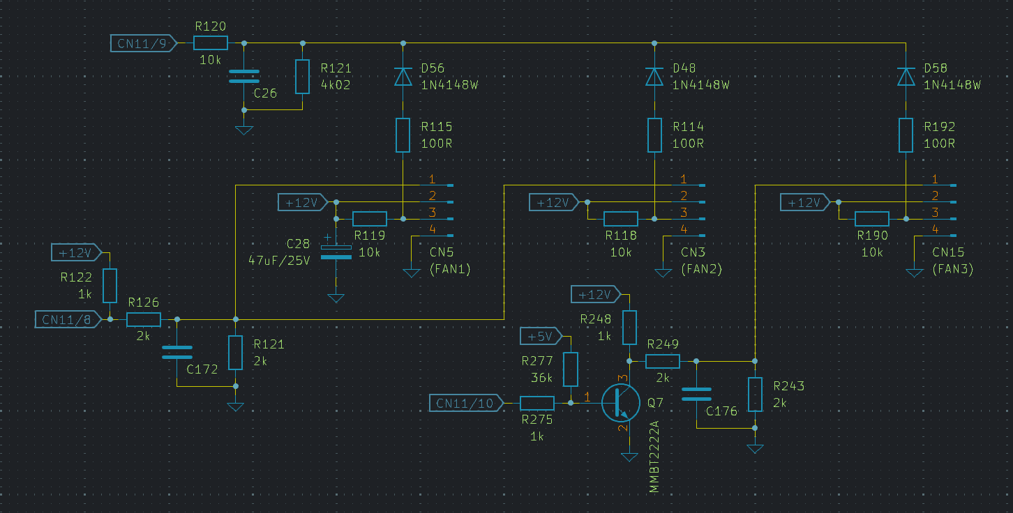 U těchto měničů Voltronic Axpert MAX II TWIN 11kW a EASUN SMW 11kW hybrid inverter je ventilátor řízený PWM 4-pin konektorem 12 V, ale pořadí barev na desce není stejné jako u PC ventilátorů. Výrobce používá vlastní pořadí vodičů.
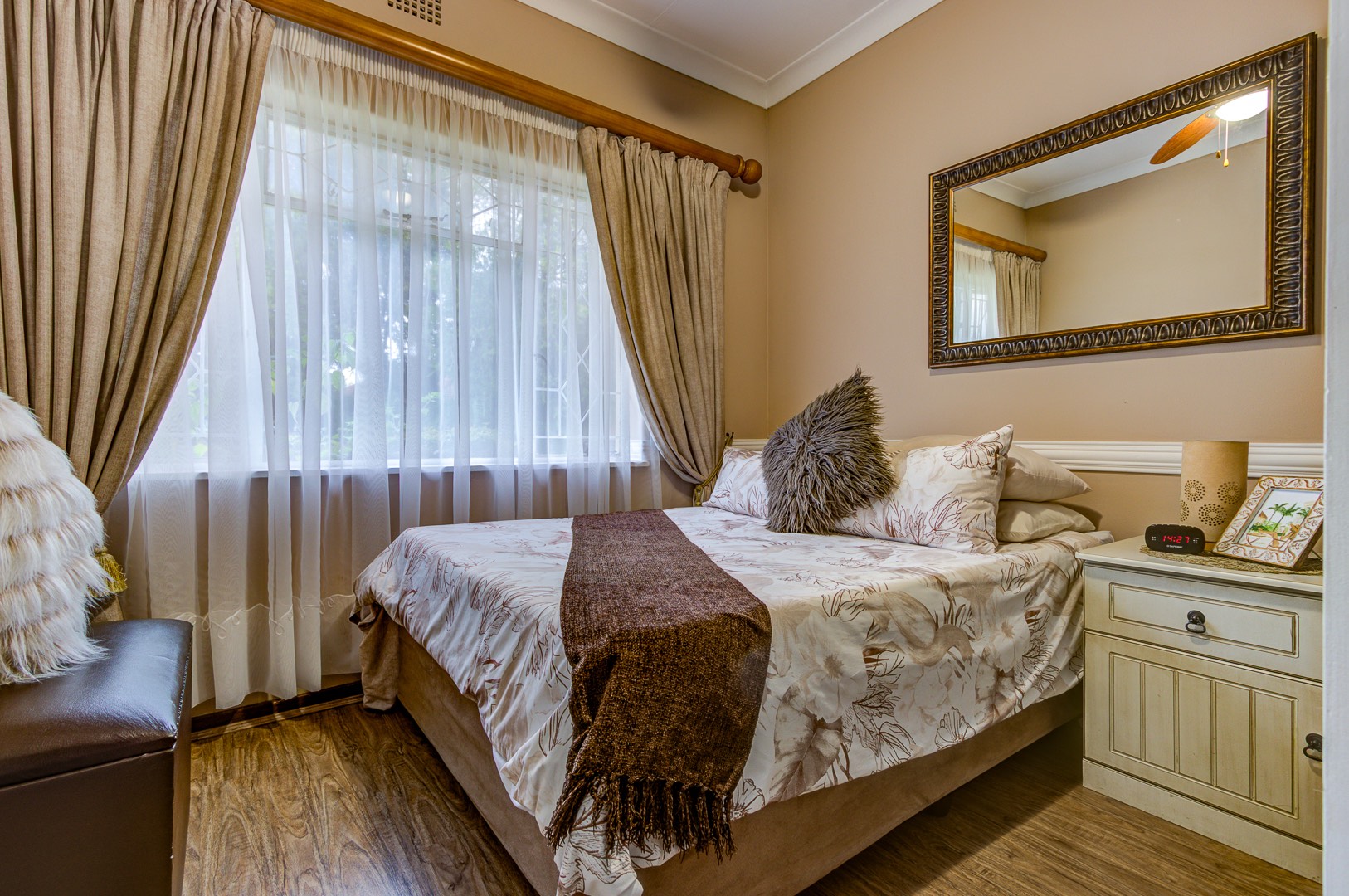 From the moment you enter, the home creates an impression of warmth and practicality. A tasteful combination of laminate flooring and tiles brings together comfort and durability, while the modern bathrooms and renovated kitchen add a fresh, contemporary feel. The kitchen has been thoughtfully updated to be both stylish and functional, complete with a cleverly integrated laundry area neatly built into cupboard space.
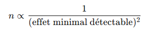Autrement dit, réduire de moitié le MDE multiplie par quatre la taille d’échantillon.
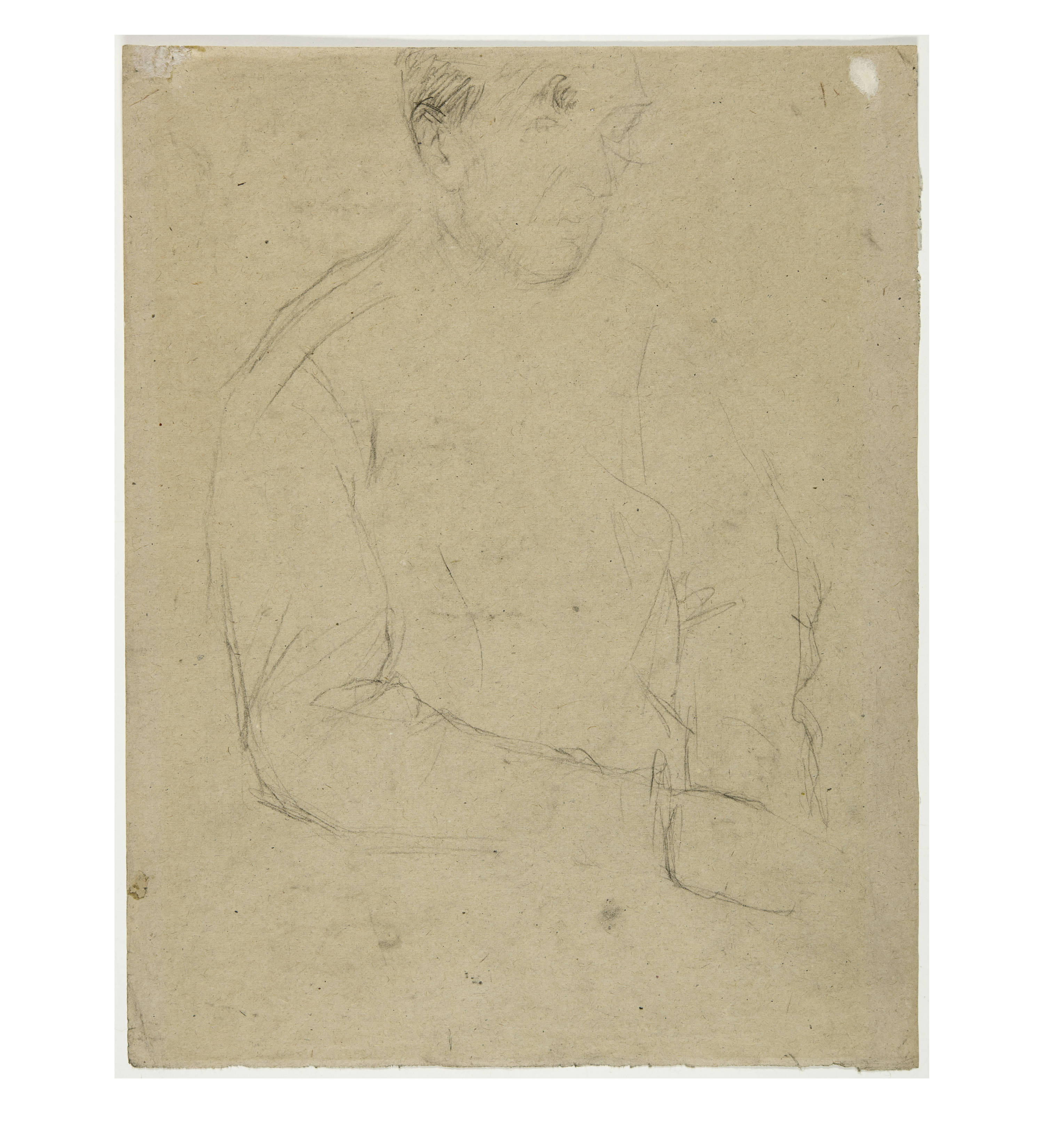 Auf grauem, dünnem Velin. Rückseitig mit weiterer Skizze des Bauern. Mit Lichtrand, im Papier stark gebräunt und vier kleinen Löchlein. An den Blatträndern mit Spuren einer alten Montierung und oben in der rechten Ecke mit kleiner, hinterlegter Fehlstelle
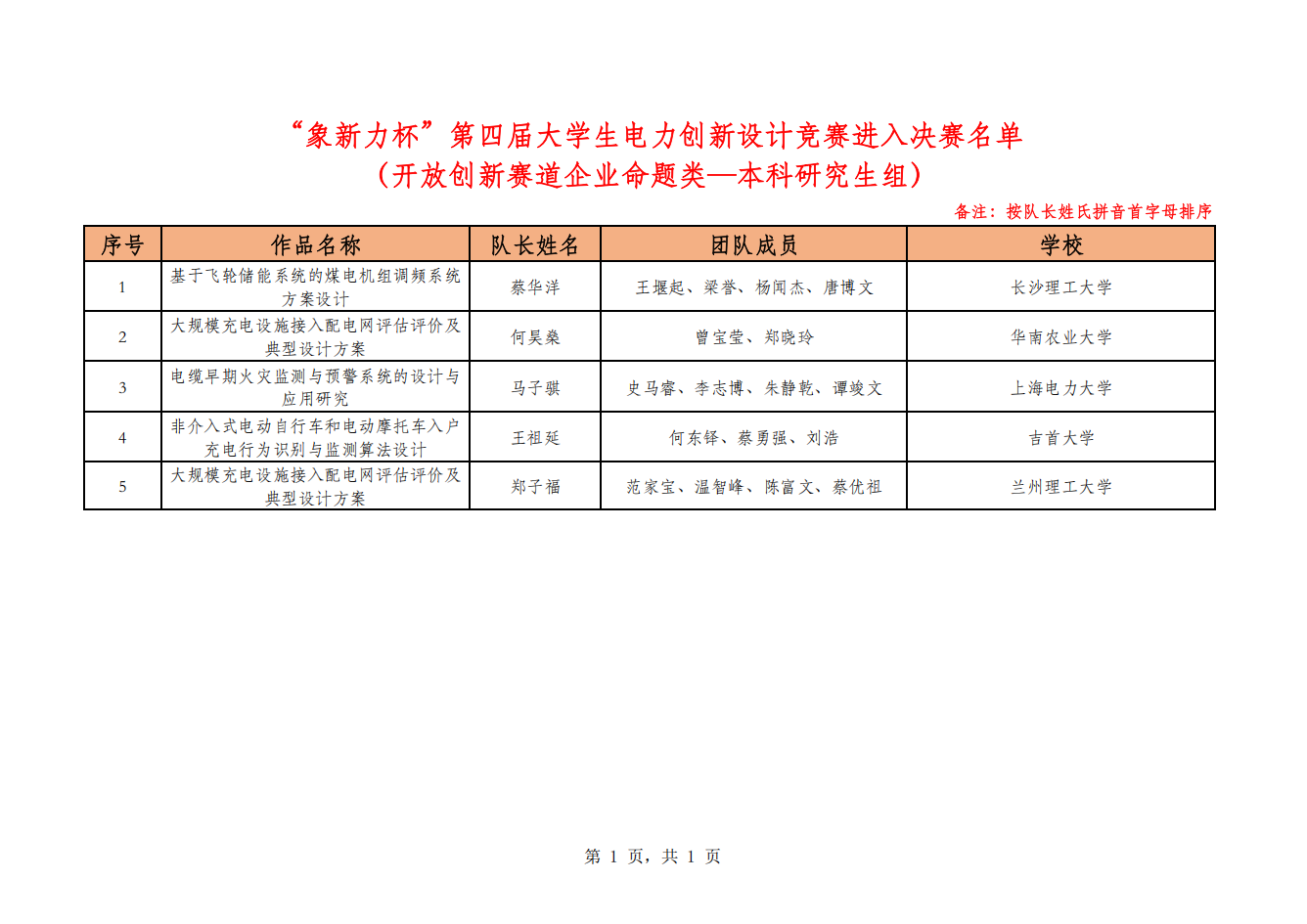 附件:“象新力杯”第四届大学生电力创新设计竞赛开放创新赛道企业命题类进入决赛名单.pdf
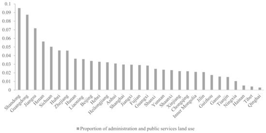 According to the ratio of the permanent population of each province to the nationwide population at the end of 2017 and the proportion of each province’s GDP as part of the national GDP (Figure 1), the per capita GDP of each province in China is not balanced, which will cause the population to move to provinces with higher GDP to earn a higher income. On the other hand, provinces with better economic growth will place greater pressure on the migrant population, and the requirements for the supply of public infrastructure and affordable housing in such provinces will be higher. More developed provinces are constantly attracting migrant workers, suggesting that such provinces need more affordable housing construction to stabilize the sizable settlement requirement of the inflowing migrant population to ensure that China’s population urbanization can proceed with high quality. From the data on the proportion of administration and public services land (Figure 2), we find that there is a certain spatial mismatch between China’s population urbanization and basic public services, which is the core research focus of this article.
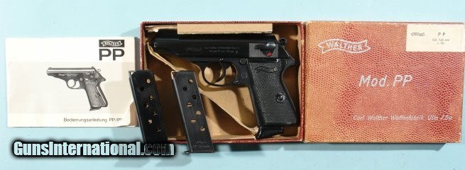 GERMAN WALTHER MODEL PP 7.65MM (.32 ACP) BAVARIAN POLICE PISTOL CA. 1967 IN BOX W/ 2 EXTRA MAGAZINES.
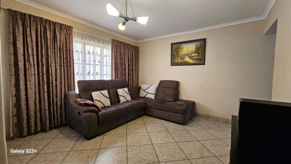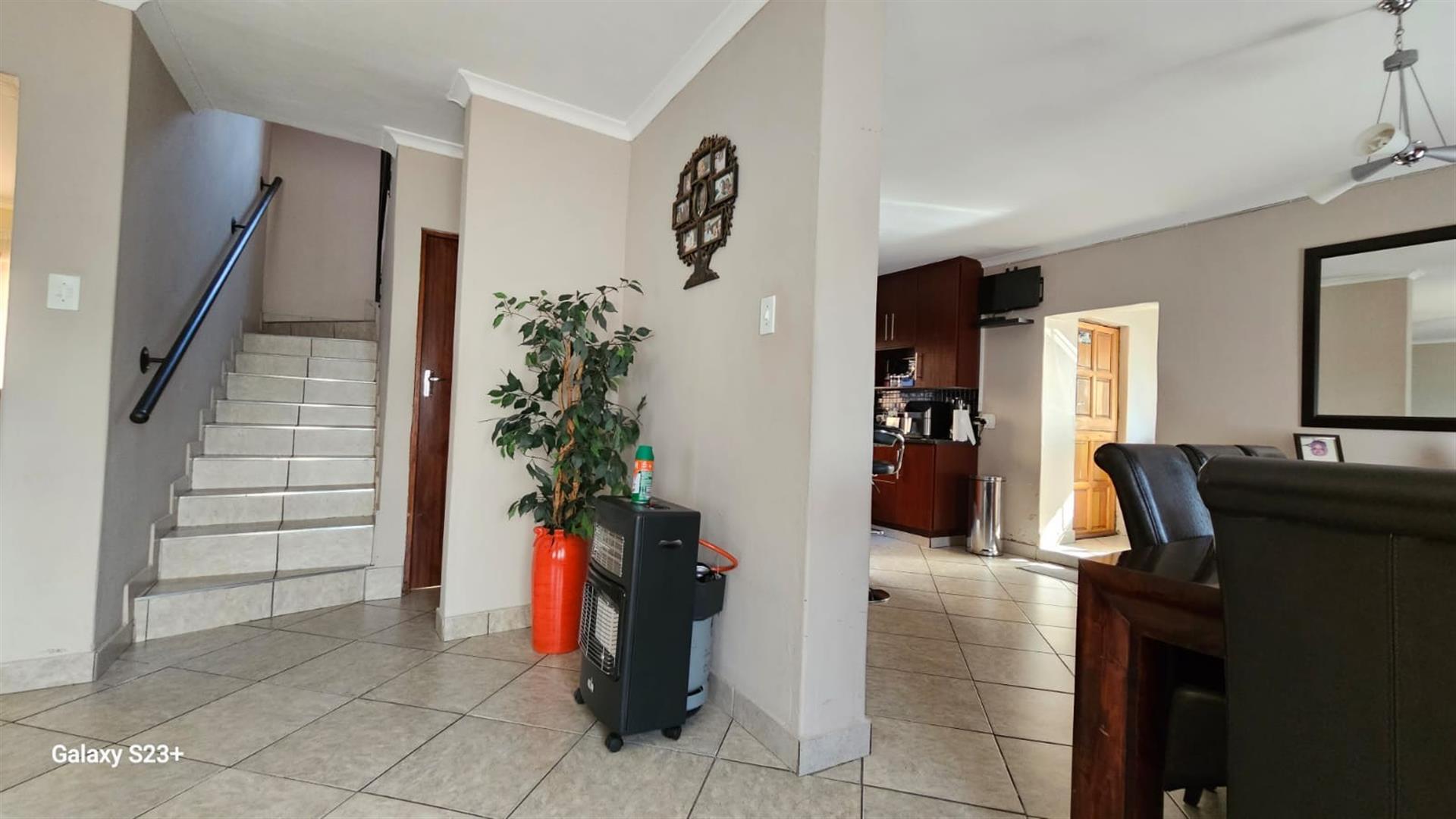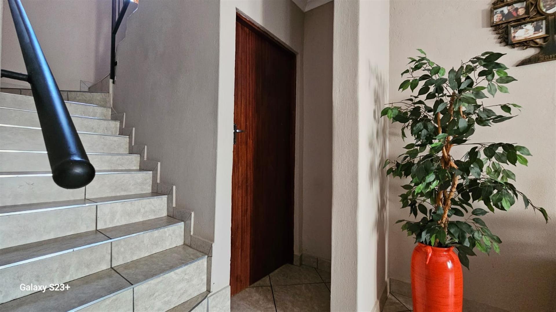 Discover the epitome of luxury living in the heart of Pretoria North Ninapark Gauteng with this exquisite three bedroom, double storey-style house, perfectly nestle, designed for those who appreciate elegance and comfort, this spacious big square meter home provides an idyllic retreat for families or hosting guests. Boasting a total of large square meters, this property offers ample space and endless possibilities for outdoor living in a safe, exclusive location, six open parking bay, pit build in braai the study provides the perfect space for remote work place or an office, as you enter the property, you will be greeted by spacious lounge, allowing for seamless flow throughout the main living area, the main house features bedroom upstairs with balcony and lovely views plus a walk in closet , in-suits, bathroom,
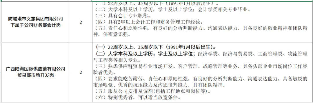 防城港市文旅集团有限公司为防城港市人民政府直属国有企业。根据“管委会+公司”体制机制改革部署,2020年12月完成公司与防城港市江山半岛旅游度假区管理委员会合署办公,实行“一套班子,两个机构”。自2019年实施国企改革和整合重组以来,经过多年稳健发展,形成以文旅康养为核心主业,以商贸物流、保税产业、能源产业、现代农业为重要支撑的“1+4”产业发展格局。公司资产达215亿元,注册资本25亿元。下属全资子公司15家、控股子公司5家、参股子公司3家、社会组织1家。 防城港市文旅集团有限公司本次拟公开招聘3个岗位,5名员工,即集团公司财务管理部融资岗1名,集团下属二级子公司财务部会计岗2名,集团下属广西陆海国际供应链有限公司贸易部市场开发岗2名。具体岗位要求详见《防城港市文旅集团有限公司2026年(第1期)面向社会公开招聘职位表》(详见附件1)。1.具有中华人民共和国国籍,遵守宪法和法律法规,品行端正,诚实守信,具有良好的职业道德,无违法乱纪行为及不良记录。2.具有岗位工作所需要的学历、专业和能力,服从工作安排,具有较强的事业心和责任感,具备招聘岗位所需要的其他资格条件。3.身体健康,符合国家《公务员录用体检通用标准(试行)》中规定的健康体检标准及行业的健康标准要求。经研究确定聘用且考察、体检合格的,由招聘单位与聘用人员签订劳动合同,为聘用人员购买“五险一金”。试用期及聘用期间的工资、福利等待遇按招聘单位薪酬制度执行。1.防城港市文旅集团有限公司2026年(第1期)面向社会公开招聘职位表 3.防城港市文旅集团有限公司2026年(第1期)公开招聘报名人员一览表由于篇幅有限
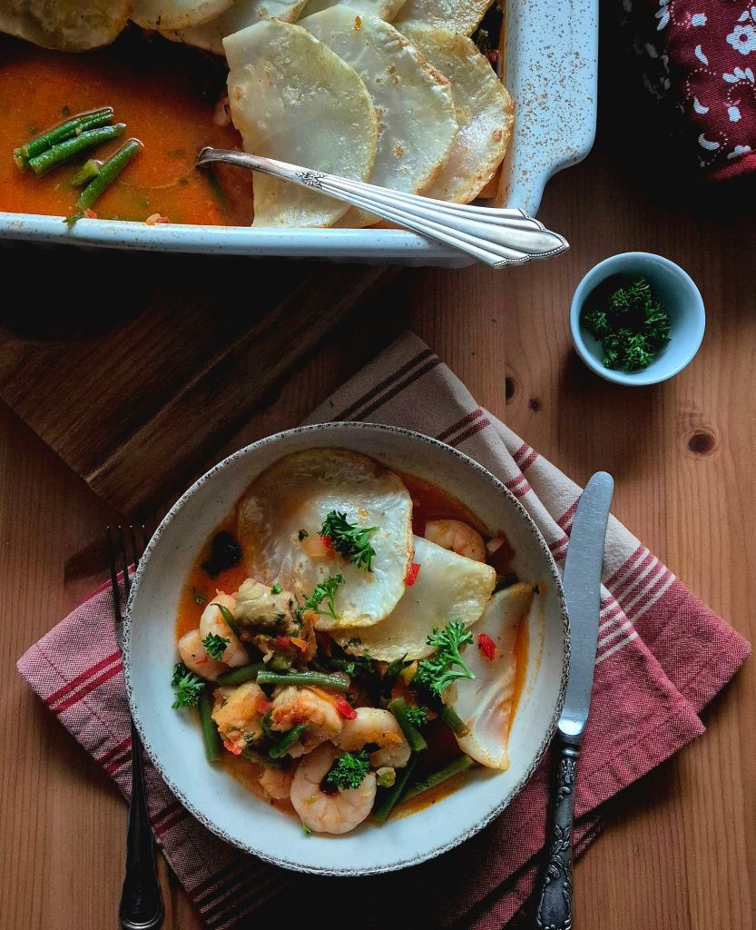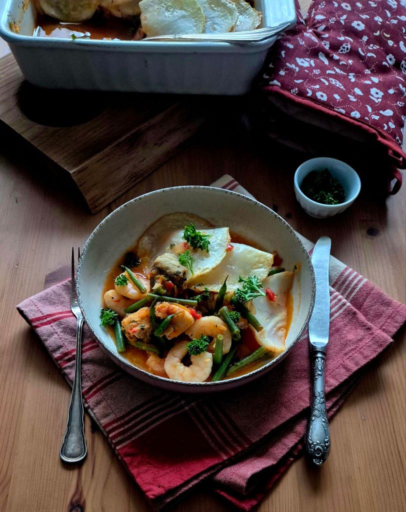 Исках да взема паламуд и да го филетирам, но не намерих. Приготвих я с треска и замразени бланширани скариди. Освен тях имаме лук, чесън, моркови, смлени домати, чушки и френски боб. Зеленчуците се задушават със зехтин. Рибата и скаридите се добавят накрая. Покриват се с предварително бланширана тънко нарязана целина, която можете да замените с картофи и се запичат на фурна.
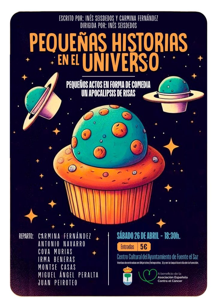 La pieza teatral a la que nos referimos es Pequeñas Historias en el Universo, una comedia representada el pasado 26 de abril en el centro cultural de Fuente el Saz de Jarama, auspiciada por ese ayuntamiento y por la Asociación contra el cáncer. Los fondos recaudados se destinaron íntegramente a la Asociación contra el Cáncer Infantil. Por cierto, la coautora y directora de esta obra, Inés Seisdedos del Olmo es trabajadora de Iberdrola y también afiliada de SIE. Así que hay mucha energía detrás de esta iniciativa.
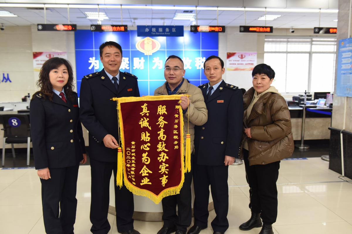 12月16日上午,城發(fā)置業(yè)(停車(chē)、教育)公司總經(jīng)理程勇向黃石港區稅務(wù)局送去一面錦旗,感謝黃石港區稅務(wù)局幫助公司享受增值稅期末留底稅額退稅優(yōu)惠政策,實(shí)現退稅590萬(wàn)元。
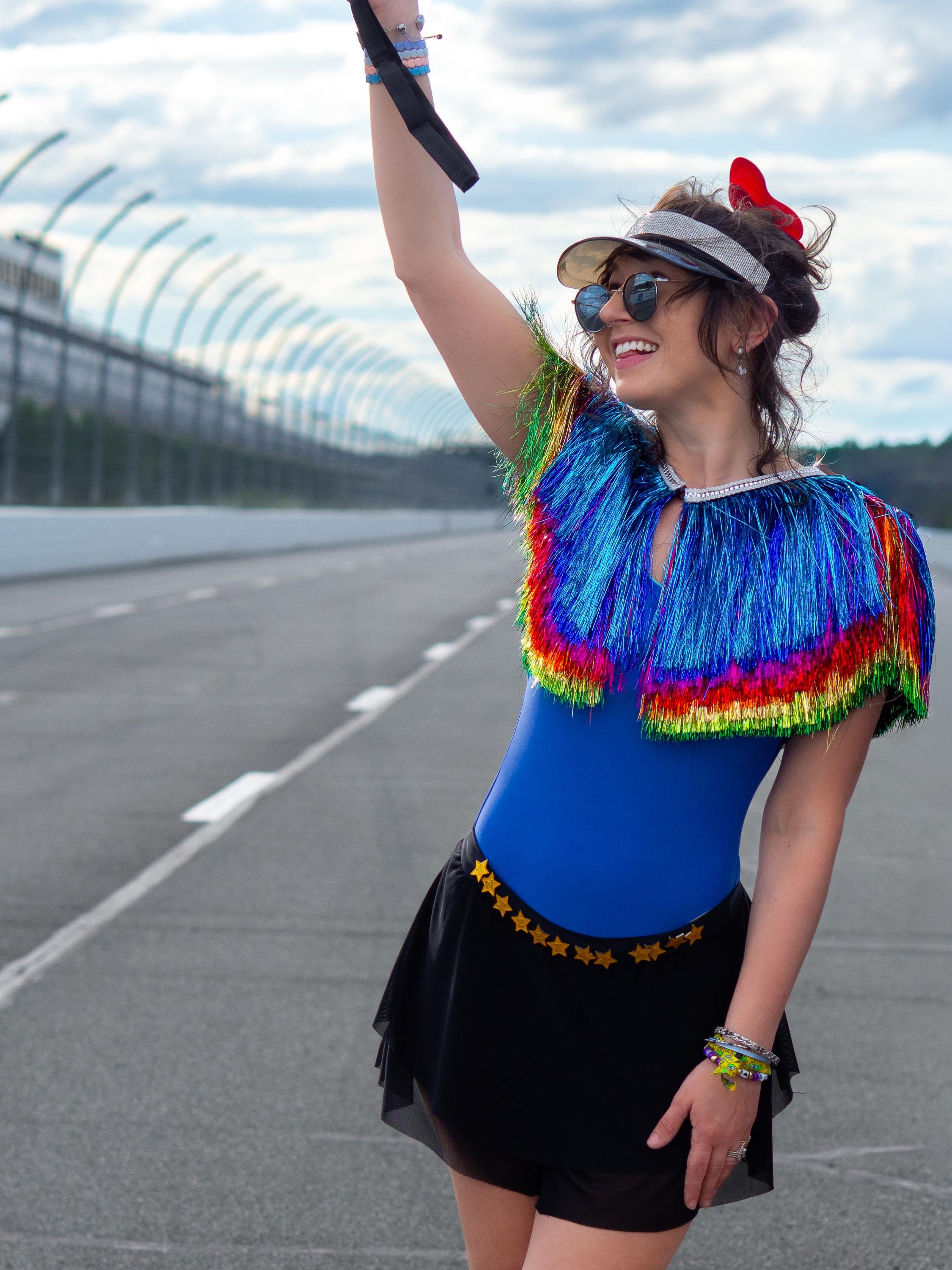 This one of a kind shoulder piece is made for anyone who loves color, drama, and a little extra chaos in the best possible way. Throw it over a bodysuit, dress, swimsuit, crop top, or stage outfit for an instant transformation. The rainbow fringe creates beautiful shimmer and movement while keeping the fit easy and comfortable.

....

- [Task objective] An exact transcription is requested of each line from the one that holds "12月16日上午,城發(fā" to the end of the listing above, both boundary lines included; pictures are to be omitted.

- [Task response]
 12月16日上午,城發(fā)置業(yè)(停車(chē)、教育)公司總經(jīng)理程勇向黃石港區稅務(wù)局送去一面錦旗,感謝黃石港區稅務(wù)局幫助公司享受增值稅期末留底稅額退稅優(yōu)惠政策,實(shí)現退稅590萬(wàn)元。
 This one of a kind shoulder piece is made for anyone who loves color, drama, and a little extra chaos in the best possible way. Throw it over a bodysuit, dress, swimsuit, crop top, or stage outfit for an instant transformation. The rainbow fringe creates beautiful shimmer and movement while keeping the fit easy and comfortable.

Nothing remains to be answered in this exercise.